I am the man who used to play with girls. I really don’t figure out why I am so rude with girls that I feel so satisfied once I saw a woman fall for me and that time I will leave her for good. I was known to be as the bad boy of our place. I took advantage with the good looks that I have for I do keep on telling myself I will get the best on my good looks to enjoy life. It was really an awful kind of behavior of mine. I was all thinking all about myself I never waste my time thinking of others. I was so insensitive that I don’t even noticed that my parents were getting hurt with what I am doing. They came up to the point asking where did they got wrong in raising me up for they all just give me nothing but love.
I never noticed and seeing that at all for I was so busy with the life that dreamed of enjoying. Until such time that my mom and dad passed away from a plane crash, that was the only time I wake up from the reality of truth that I only give them hurt ache and head ache with what I did with my life. In honoring my parent’s death and with my greatest love for them I choose to change my life. Part of that change is that I will leave the place where I used to stay in for it will just reminds me of how cruel and rude I am with my life most especially to my parents.

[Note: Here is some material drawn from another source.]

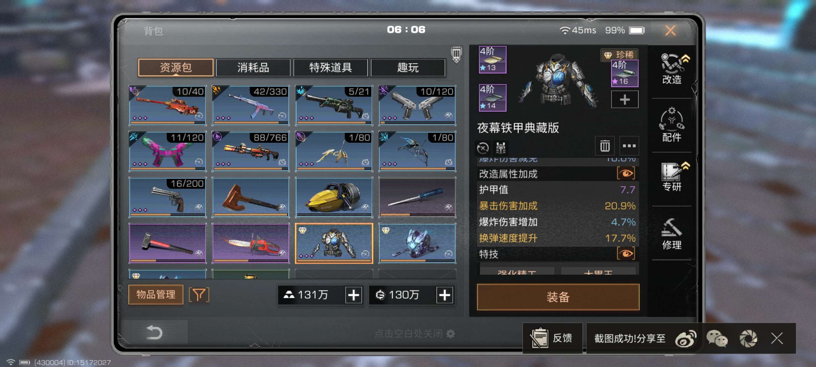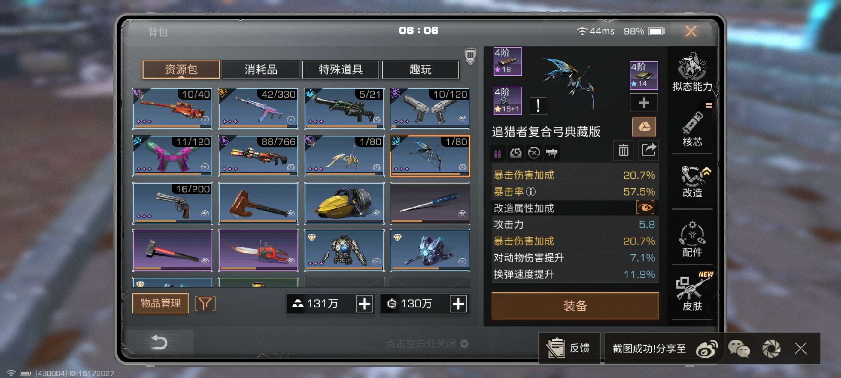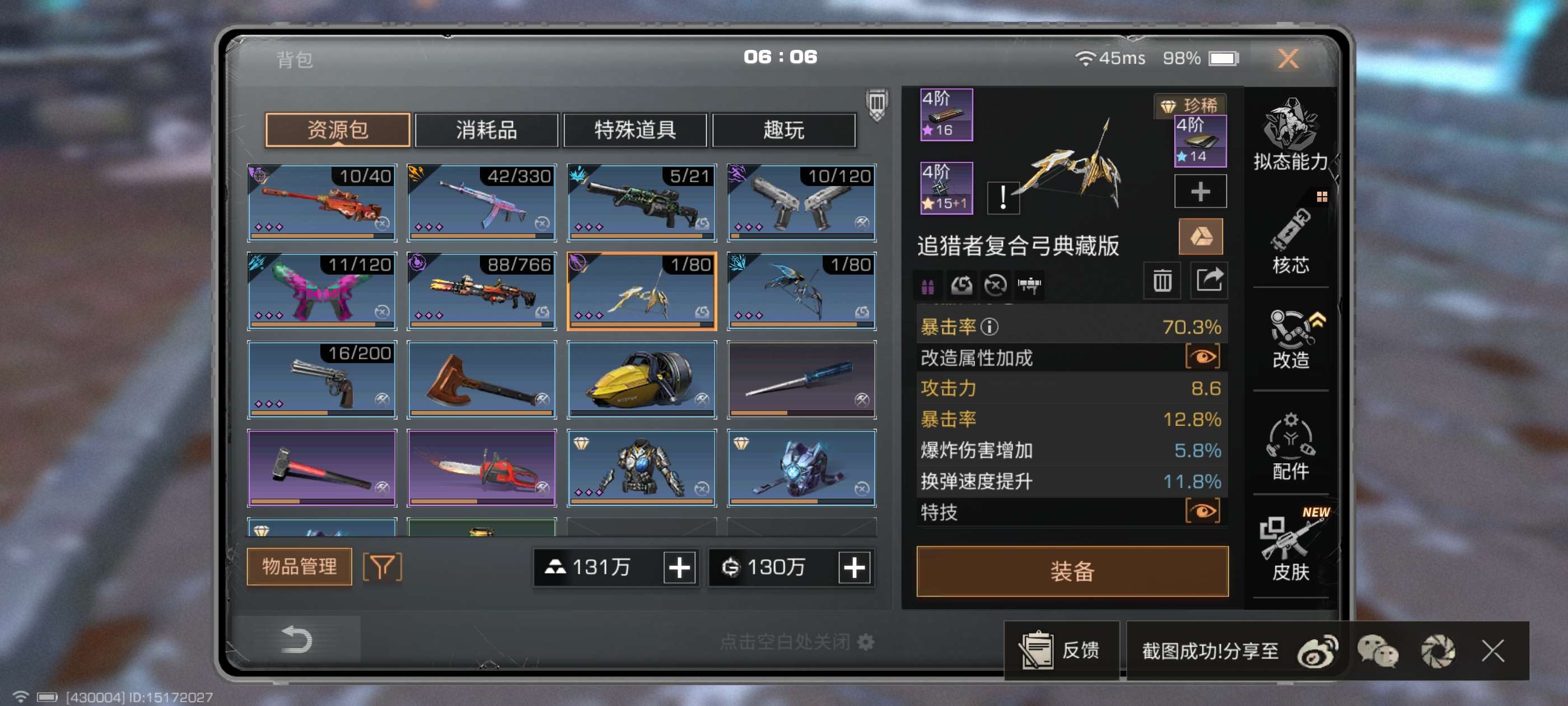 金色载具数量:

So moved in to the place where no one could recognize me. I sell everything that I have with what my parents left me and decide to start a brand new life a brand new beginning in a brand new place.
I just follow where my faith would bring me in while I was in plane I just followed the steps of life and that steps brings me in the place of Essex London. I really started from the very bottom of my life in Essex that I look for job that would give me moral lessons in life for I do believe that to change life is not an instant process like with instant food that is being served on stores. For a life to change to make better it needs a long term process before it can be digested into the system of life. So I choose to do the whole entire process even though I know it is not that easy thing to do but I will really work for it for my parent’s sake and for myself sake also.
So I dig it on so that things that I had now will be realized. I worked as a street sweeper, food vendor, a crew in a food chain and now an owner of a well-known restaurant in Essex. It’s been 10 years that I put up my business this kind of success all because of hard work and inspiration that I have with my parents love and dedication to my life. It was really there dream to see me owning a restaurant for they have seen in me the potential in cooking and they saw me since I was a kid that I could be that richest man all because of my ability in cooking.
Yes I made it all come true I was so happy then but at the same time hurts so bad for I know I could no longer bring back my parents in order for them to witnessed what their son have become now. I know wherever they are now they so proud of what I’ve become. A life that I have in Essex is not that easy to figure out but I made all through because of the love that I have for parents and with myself. If not because of that I am not so sure if I could survive but I did for I do have the best weapon on my battle that is love and no one could ever defeat it that is why I won.
These recent days I meet this girl who is an Essex escorts and Essex escorts obsessed with monsters especially the classic odd monsters like Frankenstein. I love seeing her that way and this time I will make difference with her I will prove to myself that I completely changed.